- Your assignment -
Please return the full listing exactly as written, with the images removed.

- Raw data -
________
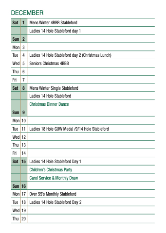 Tue Ladies 14 Hole Stableford day 2 (Christmas Lunch) Wed Seniors Christmas 4BBB
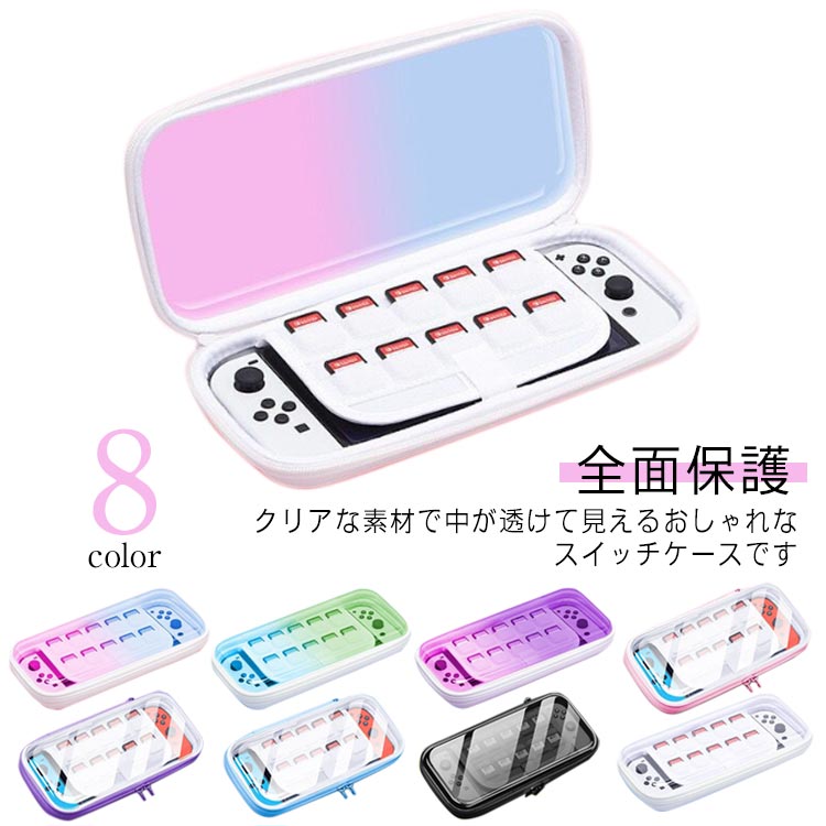 収納バッグ 大容量 Switch 携帯ケース 耐衝撃 持ち運び ストラップ付き 収納ケース Switchカバー コンパクト グラデーション かわいい おしゃれ 綺麗
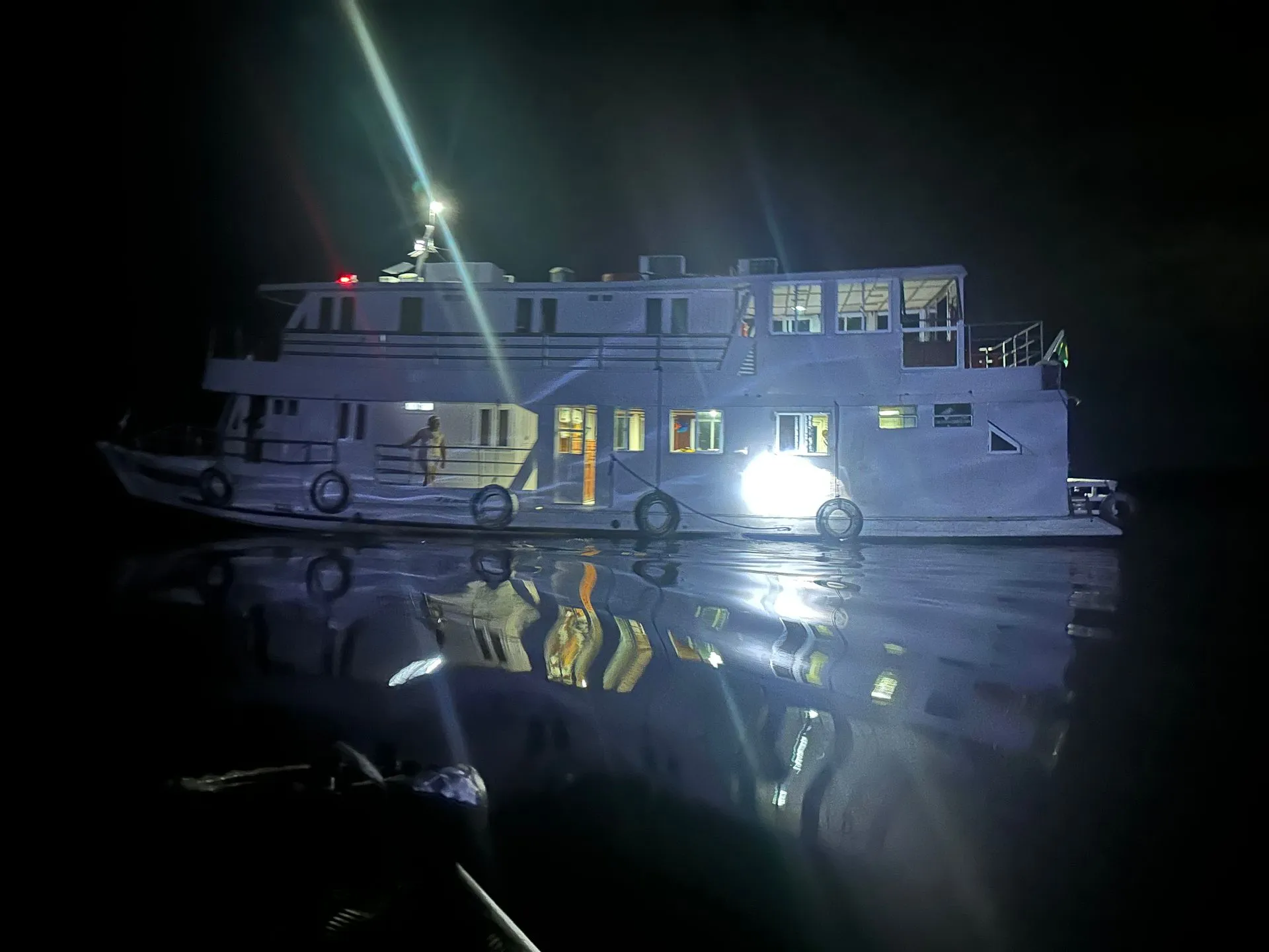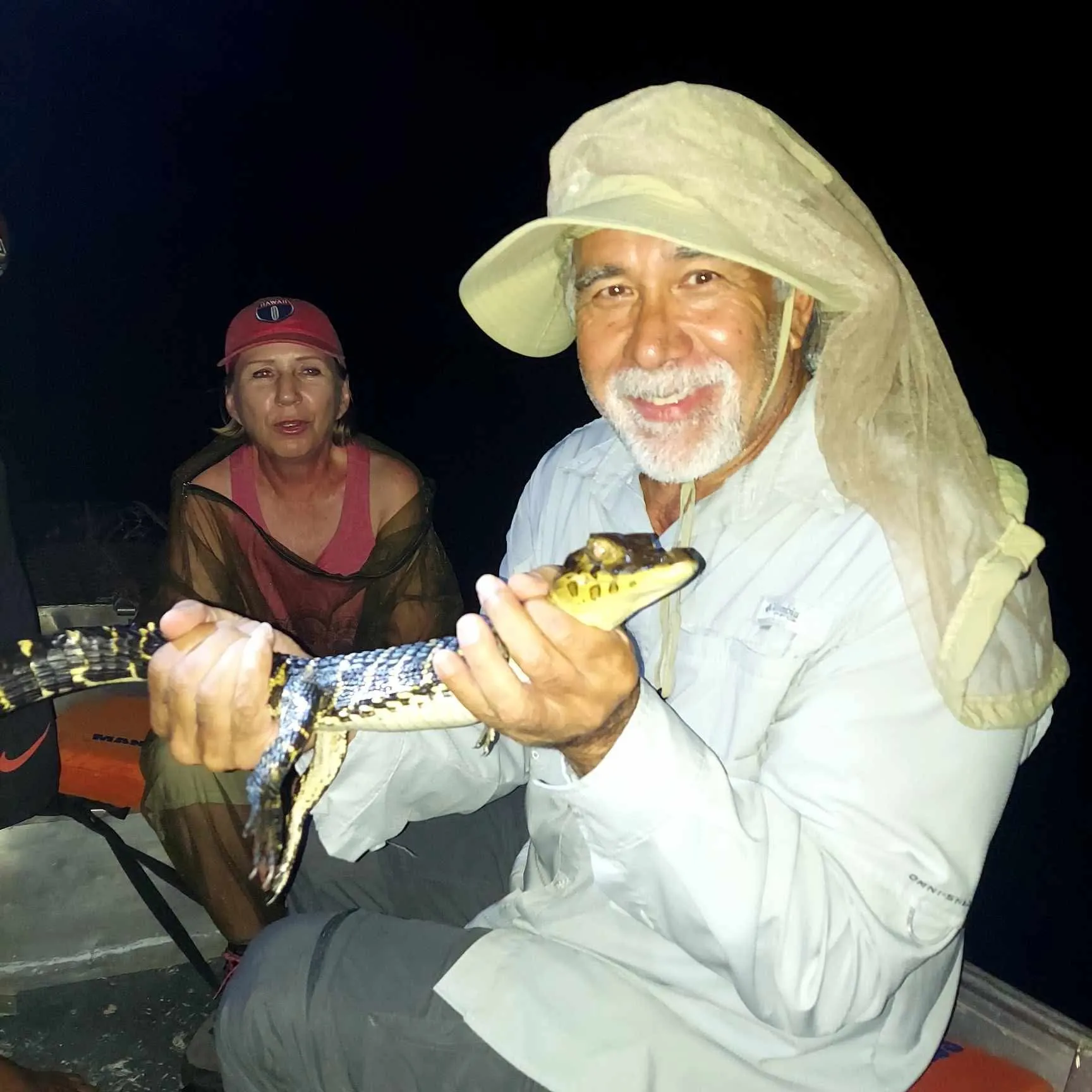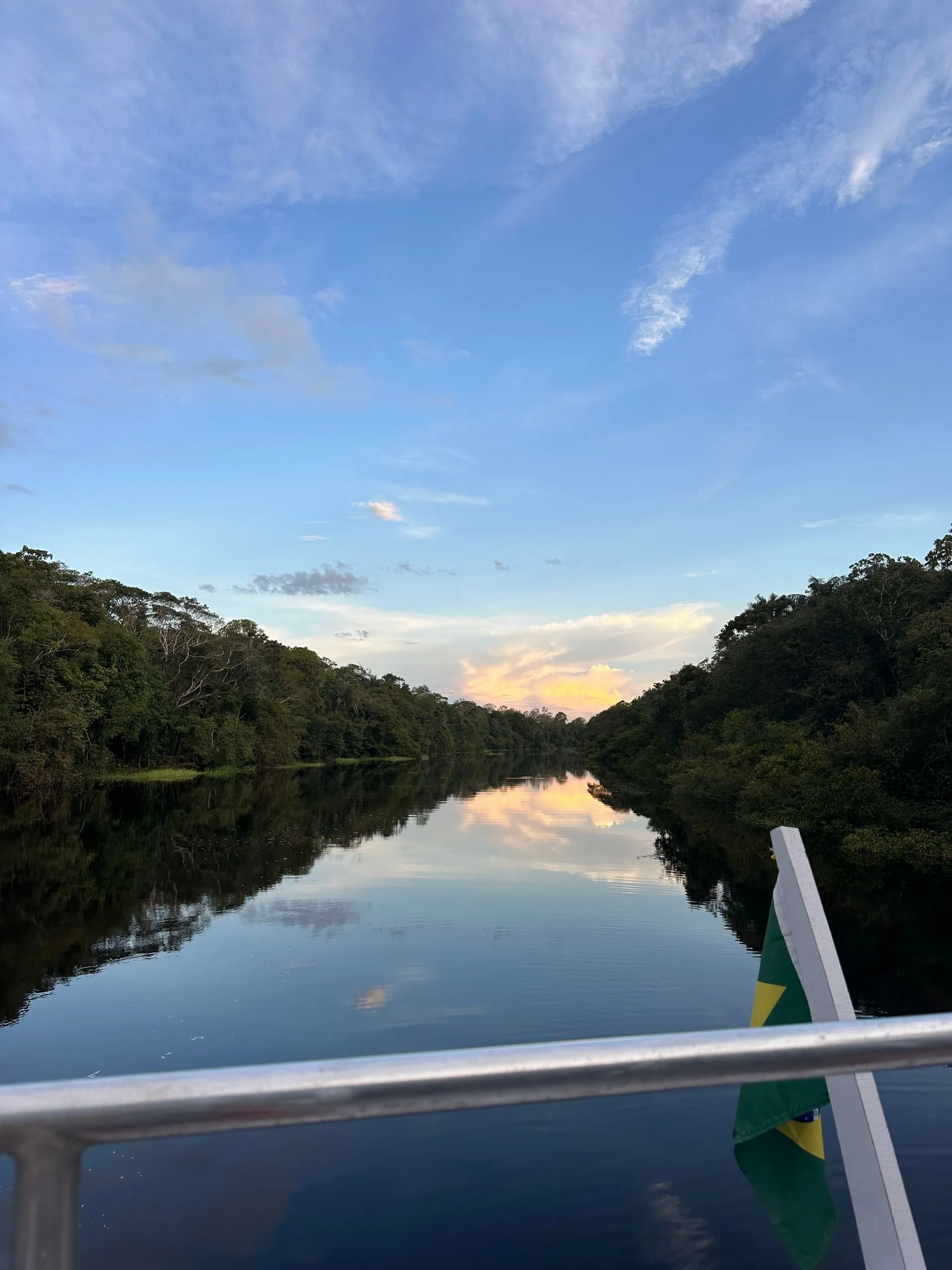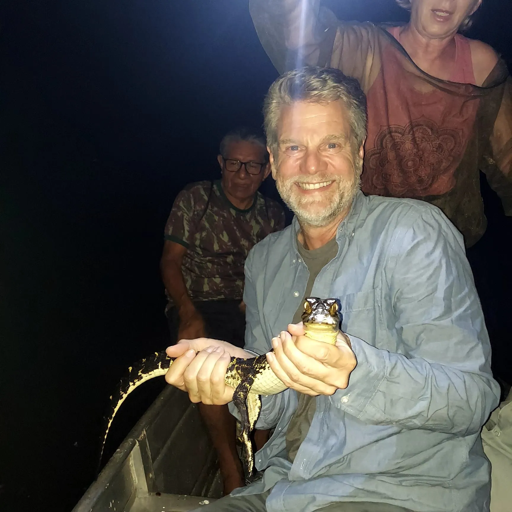 For four days and three nights we explored the various tributaries of the RIO NEGRO. Most were narrow passages like above where we rarely saw another boat. It was so peaceful. We did lots of excursions on the motorized skiff to get deeper into the Rainforest. At dark we would go out with the first mate and guide, who used a strong flashlight to spot eyeballs of critters. We saw baby owls, a snake, caimans ( their version of alligators), lots of noisy birds and bats.
________
- Solution for this task -
 Tue Ladies 14 Hole Stableford day 2 (Christmas Lunch) Wed Seniors Christmas 4BBB
 収納バッグ 大容量 Switch 携帯ケース 耐衝撃 持ち運び ストラップ付き 収納ケース Switchカバー コンパクト グラデーション かわいい おしゃれ 綺麗
 For four days and three nights we explored the various tributaries of the RIO NEGRO. Most were narrow passages like above where we rarely saw another boat. It was so peaceful. We did lots of excursions on the motorized skiff to get deeper into the Rainforest. At dark we would go out with the first mate and guide, who used a strong flashlight to spot eyeballs of critters. We saw baby owls, a snake, caimans ( their version of alligators), lots of noisy birds and bats.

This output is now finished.